I N D E X
But in both, Scripture furnishes characteristic distinctions between them. In opposition to the Enoch after
whom Cain called his city, we have the Sethite Enoch, "who walked with God, and was not; for God took
him;" and in contradistinction to the Cainite Lamech, with his boastful ode to his sword, we have the other
Lamech, who called his son Noah, "saying, This same shall comfort us concerning our work and toil of our
hands, because of the ground which Jehovah hath cursed." Thus the similarity of their names only brings
out the more clearly the contrast of their character.

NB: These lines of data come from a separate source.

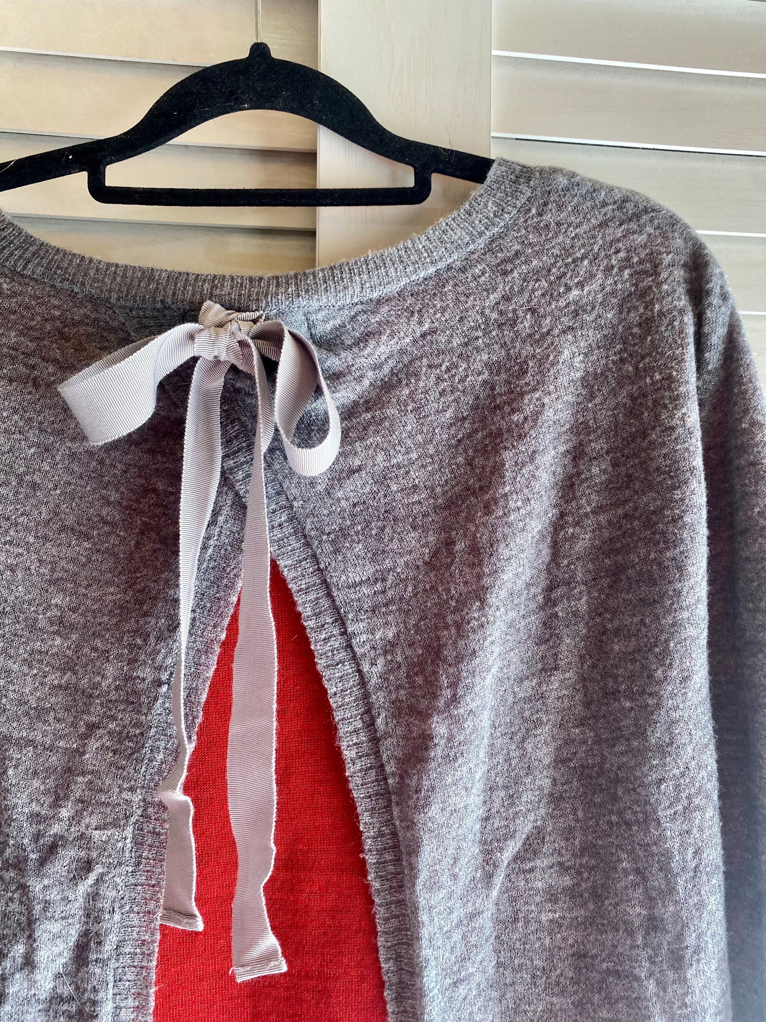 #158 JILL STUART グログランリボン レイヤードデザインニット ライトグレー×レッド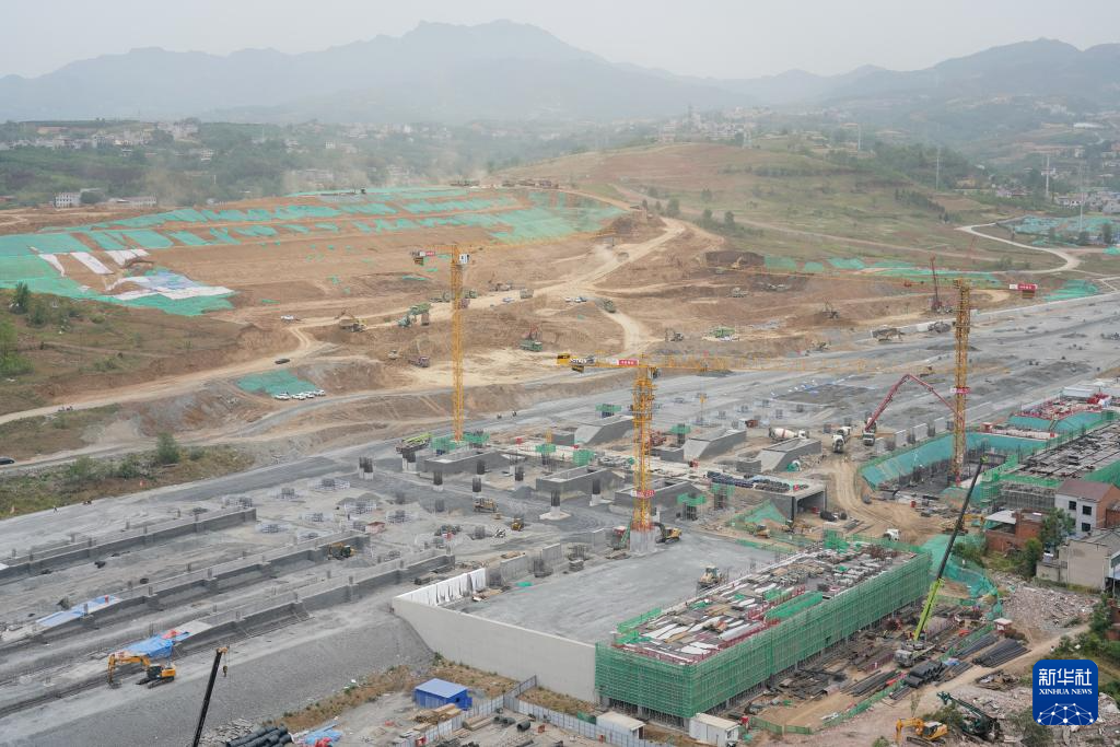 4月29日拍摄的西渝高铁安康西站建设现场。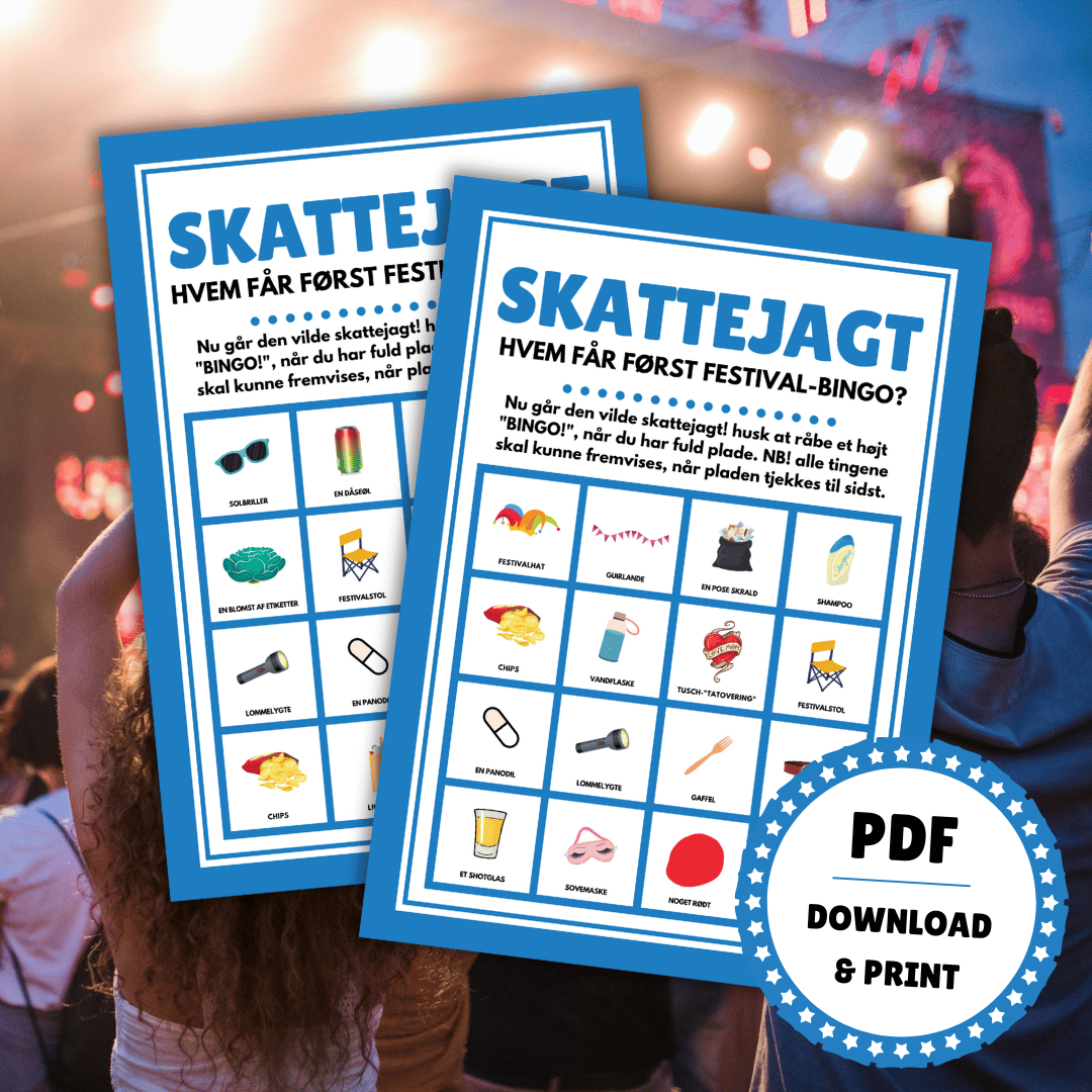 I kan også spille en almindelig gang bingo. Klip de 50 opråberbrikker ud. Opråberen trækker nu et billede og råber f.eks. “Festivalhat”. Har man en festivalhat på sin spilleplade, må man nu dække denne til. Når brikken “Shotsglas” trækkes ud, drikker alle et shot – selvfølgelig!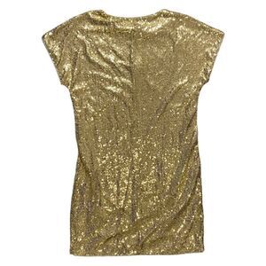 Kate Kasin allover gold sequined mini cocktail dress with short sleeves.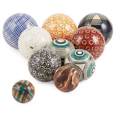 various sizes, to include sponge-printed and painted examples, a small marbled example, and a white jack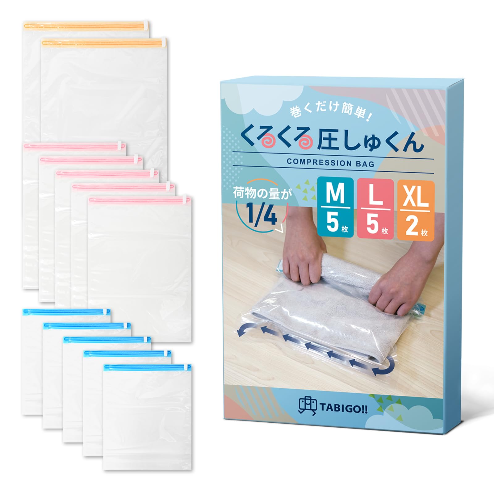 【じゃらん掲載】 TABIGO!! くるくる圧しゅくん 圧縮袋 旅行 衣類 洋服 真空 収納 手巻き トラベル 便利グッズ (M5枚/L5枚/XL2枚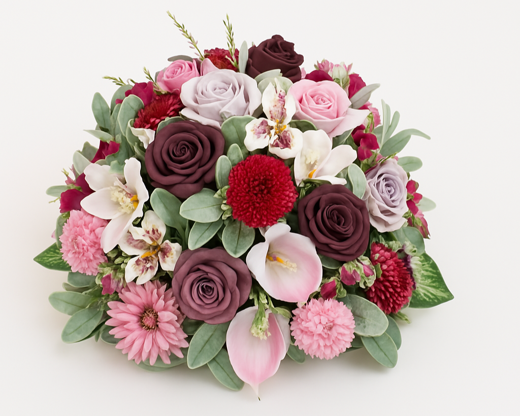 Dit ronde, symmetrische stuk straalt rust en harmonie uit. Het is een veilige, liefdevolle keuze wanneer je een evenwichtig geheel wilt neerleggen als laatste groet. Wie een rouwstuk wil bestellen dat ingetogen en stijlvol is, vindt in de biedermeier een zachte troost.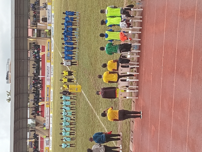 This image depicts an outdoor football stadium scene in Meru, Kenya, likely during a pre-match ceremony

Finally, as the wickedness of the one race comes out most fully in Lamech, who stands seventh in the
genealogy of the Cainites, so does the godliness of the other in Enoch, who equally stands seventh in that
of the Sethites. Passing from this comparison of the two genealogies to the table of the Sethites, we are
reminded of the saying, that these primeval genealogies are "monuments alike of the faithfulness of God in
the fulfillment of His promise, and of the faith and patience of the fathers." Every generation lived its
appointed time; they transmitted the promise to their sons; and then, having finished their course, they all
"died in faith, not having received the promises, but having seen them afar off, and were persuaded of them,
and embraced them, and confessed that they were strangers and pilgrims on the earth." That is absolutely
all we know of the majority of them. But the emphatic and seemingly needless repetition in each case of the
words, "And he died," with which every genealogy closes, tells us that "death reigned from Adam unto
Moses," (Romans 5:14) with all the lessons which it conveyed of its origin in sin, and of its conquest by the
second Adam. Only one exception occurs to this general rule - in the case of Enoch; when, instead of the
usual brief notice how many years he "lived" after the birth of his son, we read that "he walked with God
after he begat Methuselah three hundred years;" and instead of the simple closing statement that "he died,"

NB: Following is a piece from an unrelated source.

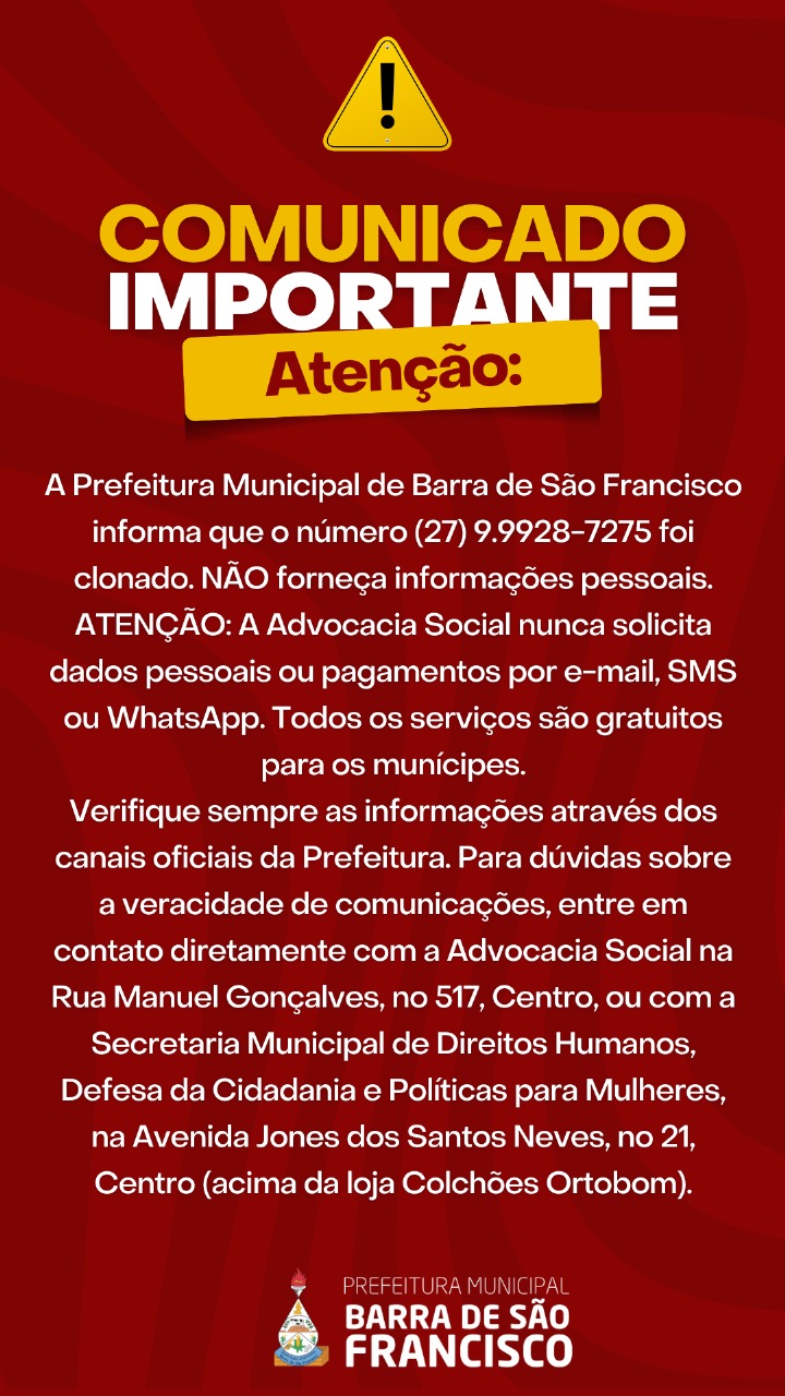 A Prefeitura Municipal de Barra de São Francisco alerta os usuários da Advocacia Social e toda a comunidade francisquense que o número (27) 9.9928-7275 foi clonado. Portanto, NÃO forneça quaisquer informações ou dados pessoais.

we are not only a second time told that "Enoch walked with God," but also that "he was not; for God took
him." Thus both his life and his translation are connected with his "walk with God." This expression is
unique in Scripture, and except in reference to Noah (Genesis 6:9) only occurs again in connection with the
priest's intercourse with God in the holy place. (Malachi 2:6) Thus it indicates a peculiarly intimate, close,
and pers onal converse with Jehovah. Alike the life, the work, and the removal of Enoch are thus explained in
the Epistle to the Hebrews: "By faith Enoch was translated that he should not see death; and was not found,
because God had translated him: for before his translation he had this testimony, that he pleased God."
(Hebrews 11:5)
His translation was like that of Elijah (2 Kings 2:10), and like what that of the saints shall be at the second
coming of our blessed Lord. (1 Corinthians 15:51, 52) In this connectio n it is very remarkable that Enoch
"prophesied" of the very thing which was manifested in his own case, "saying, Behold, the Lord cometh
with ten thousands of His saints, to execute judgment upon all, and to convince all that are ungodly among
them of all their ungodly deeds which they have ungodly committed, and of all their hard speeches which
ungodly sinners have spoken against Him."  12
When Enoch was "translated" only Adam had as yet died: Seth, Enos, Cainan, Mahalaleel, and Jared were
still alive. On the other hand, not only Methuselah, the son of Enoch, but also his grandson Lamech, who at
the time was one hundred and thirteen years old, must have witnessed his removal. Noah was not yet born.
But how deep on the godly men of that period was the impression produced by the prophecy of Enoch, and
by what we may call its anticipatory and typical fulfillment in his translation, appears from the circumstance
that Lamech gave to his son, who was born sixty-nine years after the translation of Enoch, the name of Noah
- "rest" or "comfort" - "saying, This same shall comfort us concerning our work and toil of our hands,
because of the ground which Jehovah hath cursed."
Evidently Lamech felt the burden of toil upon an earth which God had cursed, and looked forward to a
gracious deliverance from the misery and corruption existing in consequence of it, by the fulfillment of the
Divine promise concerning the Deliverer. In longing hope of this he called his son Noah. A change, indeed,
did come; but it was by the destruction of that sinful generation, and by the commencement of a new period
in the covenant-history. We mark that, in the case of Noah, Scripture no longer mentions, as before, only
one son; but it gives us the names of the three sons of Noah, to show that henceforth the one line was to
divide into three, which were to become the founders of human history.